With Obamacare’s main provisions only a few months from full implementation, the law is now moving through the economy like a statutory disruptor beam. It’s hard to see how this thing will ever be workable, or affordable.
Many small businesses are trying keep payrolls below 50 workers to remain exempt. Larger firms are trying to figure out how to remain competitive while converting more of the staff to part-timers, for whom insurance need not be provided.
Some who strongly supported the law harbor second thoughts. The Wall Street Journal reports that many union members with plans jointly sponsored by their union and employer have soured on Obamacare. They complain that it will jack up their health plan costs and make them less competitive in the workplace.
Perhaps the biggest unknown is how many employees will lose company-sponsored insurance. A McKinsey survey of employers found that 30 percent would stop offering insurance and pay the $2,000 per-worker penalty.
Consultants at Deloitte expected 9 percent of companies to drop coverage, while Mercer’s estimate was 21 percent. The Congressional Budget Office, which provided the official projection of the law’s cost, was much lower. If there’s an exodus from employer health plans and those workers end up in the Obamacare exchanges, the program’s cost will explode.
But the opposite problem also could be disastrous for the law’s viability. The dumped workers and many of those now without policies may not go to the exchanges at all, opting instead to pay the penalty, which will be much lower than the cost of a health plan.
If the young and healthy stay away, those left in the exchanges will be older and sicker — pushing premiums higher and driving more people out.
Premium prices in the individual market may be primed to skyrocket anyway. Health care inflation has been relatively well behaved of late, but the Society of Actuaries recently predicted that medical claim costs in the individual markets — the main driver of premium prices — will shoot up an average of 32 percent under Obamacare.
Even many businesses that will continue offering insurance are making major adjustments.

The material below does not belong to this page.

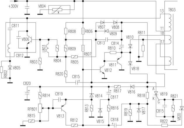 一台长虹D2526A型彩电开机呈现无图、无声、无光现象,电源指示灯也不亮。打开机壳,发现电源3.15A保险管内部烧黑,保险丝熔断,说明电源部分有严重短路故障。如附图所示,分别用开路法检查电容C809、压敏电阻V804、电源开关管V806,查得V806(图标为2SC4745,实物为C4706)已击穿短路,考虑到V806击穿短路有一定原因,据经验怀疑*近大功率电阻R811的电容C814(47μF/50V)有问题,但拆下检查正常。仔细观察,发现R811(22Ω/3W)一端焊点存在裂纹,以为这是故障根源所在,将其重新焊牢后更换调整管V806及3.15A保险管,并将C814换新,开机监测+B(+130V主电源电压)两端电压,还未来得及看清万用表指针摆动的位置,保险管又烧了,V806再次击穿。看来引起V806击穿的直接原因还未找到。仔细分析,电源调整管在开机瞬间就击穿,必须重点检查与开关变压器T803正反馈绕组、取样绕组相连的部分电路,查正反馈电路V807、V808、V809、C813等元件均正常,当查到与取样绕组相连的二极管V816(2CZ5295G)时,终于发现该二极管反向漏电严重,由此引起V806瞬间过压击穿。用现有的快恢复二极管RG2A代换V816,用正品C4706换下已损的V806,装上3.15A新保险管,监测+B电压和行电流,测得主电源电压+130V正常,无信号呈蓝屏时行电流为300mA,故障排除。

Cary Hall, president of Benefits by Design, an Overland Park, Kan., insurance broker, says he recently conducted a seminar for CEOs of nearly two dozen manufacturing companies. He said none planned to drop company-sponsored insurance, but many are thinking of scrapping off-the-shelf plans from big insurers in favor of becoming self-funded.
Under Obamacare, taxes and fees for fully insured plans are several orders of magnitude higher than for self-funded plans, making the latter option attractive to companies with trained workers who might leave if there’s no health insurance.
Looking further into the future, there are a couple of other bombs embedded in the law.
Writing at National Review online, Yuval Levin noted that unless medical costs grow slowly, the Independent Payments Advisory Board will begin cutting payments to Medicare providers, reducing seniors’ access to care. The likely result: A senior revolt followed by action in Congress to overturn the IPAB, and a national debt growing even faster.
The second bomb is timed to go off in 2018 — again, if health costs rise too fast. In that year, officials will start cutting subsidies in the exchanges if their cost exceeds 0.5 percent of GDP.
Because of this feature of the law, the CBO says the number of people in the exchanges could fall, leaving behind people with lower incomes or costlier health problems, or both — once again, driving up premium prices and pushing more people out.
President Barack Obama’s pitch for the law was that “if you liked your current health plan, you could keep it.” He also pledged that premiums in the individual market would be $2,500 lower by the end of his first term.
According to The New York Times, even the White House is now telling officials it’s “unwise to tell consumers that they could get ‘health insurance that fits your budget.’”
Obamacare is a centralized, industrial-era monstrosity force-fed into a digital economy full of consumers accustomed to individually tailored choices.
E. Thomas McClanahan is a member of the Kansas City Star editorial board. Distributed by MCT Information Services.